Strip the identity params. Enforce behavioral constraints in code. Add a reasoning checkpoint before execution.
These three layers won't just make your agent more secure. They'll make it more reliable, more predictable, and way easier to debug when something goes wrong.
And trust me — something will go wrong. The question is whether your harness was ready for it.
Hope you liked the read, follow me on my socials for more tech content. See you in the next blog 👋🏻
Top comments (1)
Layer 1 is the one I'd put a flag on for every team starting out with agents — identity params in the tool schema is the agent-era equivalent of trusting client-side validation. The fact that it still shows up in production codebases is wild. The other variant I see is putting tenant_id in the schema "so the model can route correctly" — same problem, same fix: it comes from the session, never from the model.

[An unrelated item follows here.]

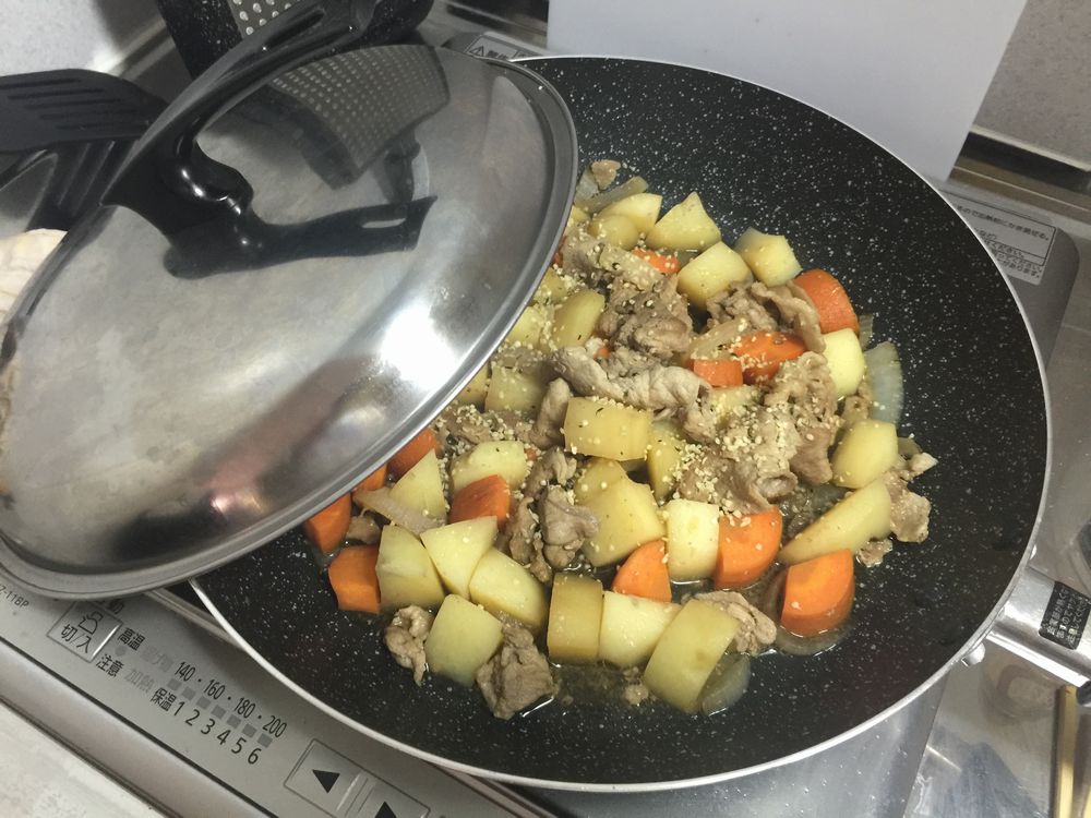 蒸かしジャガイモを潰す音が気になるようで、「早く帰れ」と言われるけど、マッシュポテトを作った後、明日のためのカレーを作る。
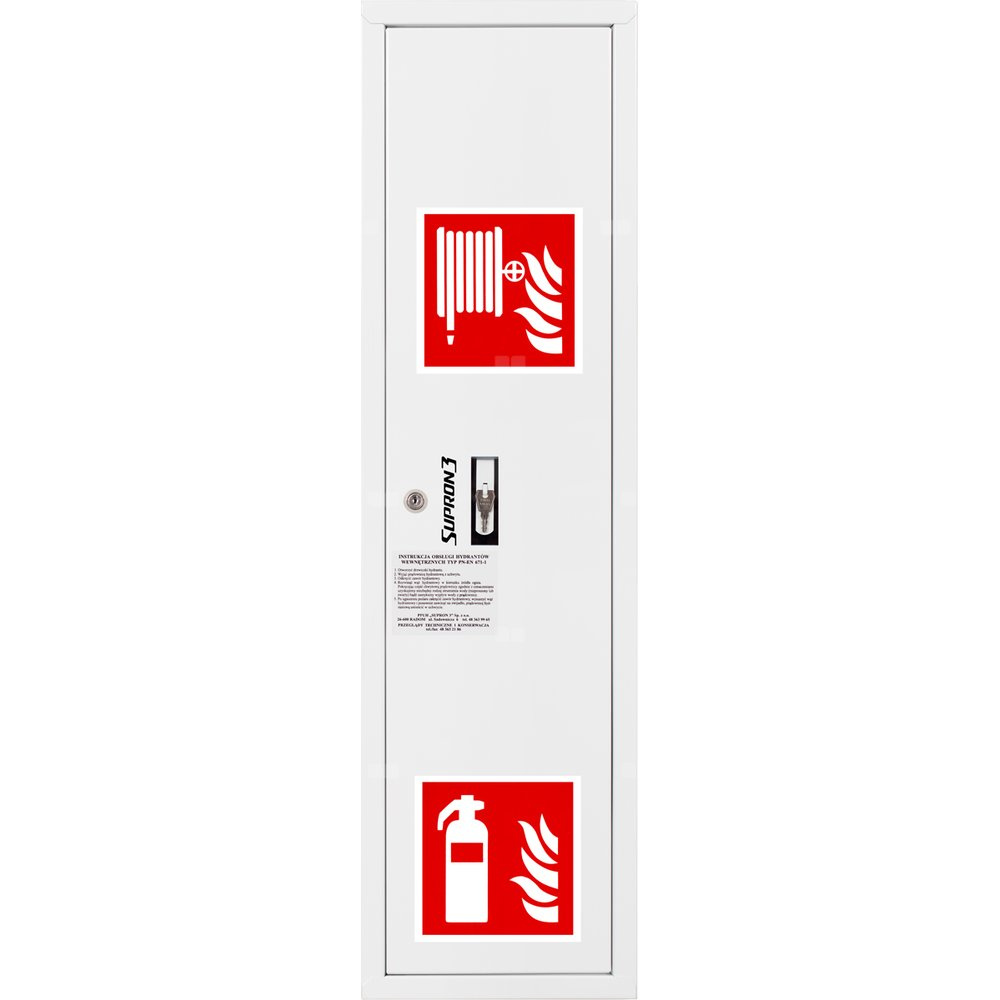 Hydrant DN 52 zawieszany boczny ze zwijadłem, z miejscem na gaśnicę, wąż 15 m, zamek patent, RAL 9003 prawy

Layer 2 deserves more attention than it gets. The read-before-write constraint is a great example, and once you start looking you find dozens of these latent state-machine assumptions hiding in your tools. We added a small precondition decorator that takes a list of "required prior tool calls within N seconds" and enforces them centrally; debugging agent traces got dramatically easier because the failure now points at the exact missing step rather than a downstream weirdness.
On Layer 3 — the reason field is interesting but I'd be cautious. In practice the model will happily fabricate a plausible-sounding justification because it's been trained to be helpful, so the validator agent ends up validating prose, not intent. What's worked better for us is structural checks: "does the cited entity actually exist in the prior turns?", "does this tool call repeat a recent failed call with no new information?", "is the agent stuck in a 2-step loop?". Cheap, deterministic, and catches a surprising fraction of the same failure modes the LLM-validator targets, without the extra inference cost.